In dismantling a 1930s Lyttleton Street cottage in Castlemaine in recent days, to make way for a new build, Karl was amazed and delighted when he found a very early photo of a mystery lady in lace, long-lost behind a wall in the kitchen.
“In over 40 years of doing this sort of work, finding this photo was unusual,” says Karl who has dismantled more than 4000 houses over the years, carefully salvaging their materials for reuse.
He believes the photo dates from the 1850s.
“It had been hidden for ages in that building and the lady in the photo looks to be dressed in expensive lace. She looks like she was someone of means,” he says.
On the back of the old sepia photo is handwriting, some of which can be made out to include a reference to the date of January, 1850, along with two names including Charlotte James and James L…… (whose full surname is partly unclear).
“I often find things like coins and old bottles but to find this was incredible. I thought this is very special,” Karl says.
Karl is one of very few people anywhere in Australia who dismantle and salvage old houses in the careful manner that he does, and suffice to say he recovered many valuable materials from the Lyttleton Street cottage.
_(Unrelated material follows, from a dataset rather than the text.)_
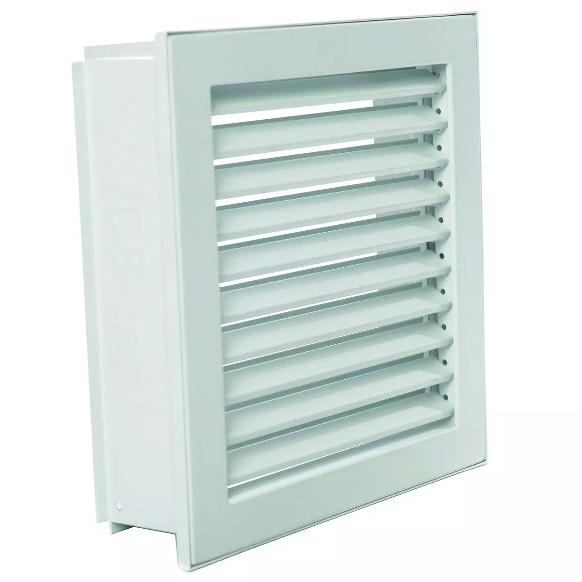 CB-tec Kaltluftgitter Kamin Ofen Luftgitter 55 x 28 cm Putzbündig weiß kgpb5528w aus Stahlblech lackiert mit feststehenden Lamellen komplett mit putzbündigem Einbaurahmen aus verzinktem Stahlblech.

Beautiful old western red cedar, baltic pine, Victorian ash and jaarah were among the timbers he salvaged, along with fixtures ranging from an attractive bay feature window to an early handmade stained glass lamp cover and even a vintage battery pack that had been attached under the house to run a yesteryear Post Master General telephone landline.
All will now end up at Karl’s fascinating salvage yard situated just out of Glenluce.
“I started restoring horse-drawn vehicles when I was 11 in the 1970s,” the unique salvage yard operator says.
“The lady gave us this job (in Lyttleton Street) on the basis that I’m salvaging it.
“In Australia we’re still throwing away far too much. You’ve got to be more in touch with the value of things.
“We’re in a McDonald’s age of building plastic-spastic.”
Karl says he would love to see if anyone out there might be able to solve the mystery of the 1800s photographed lady’s identity, and how her photo came to be hidden behind the mantlepiece of the Castlemaine cottage, which now no longer exists.
“Someone in Castlemaine would know about it,” he says.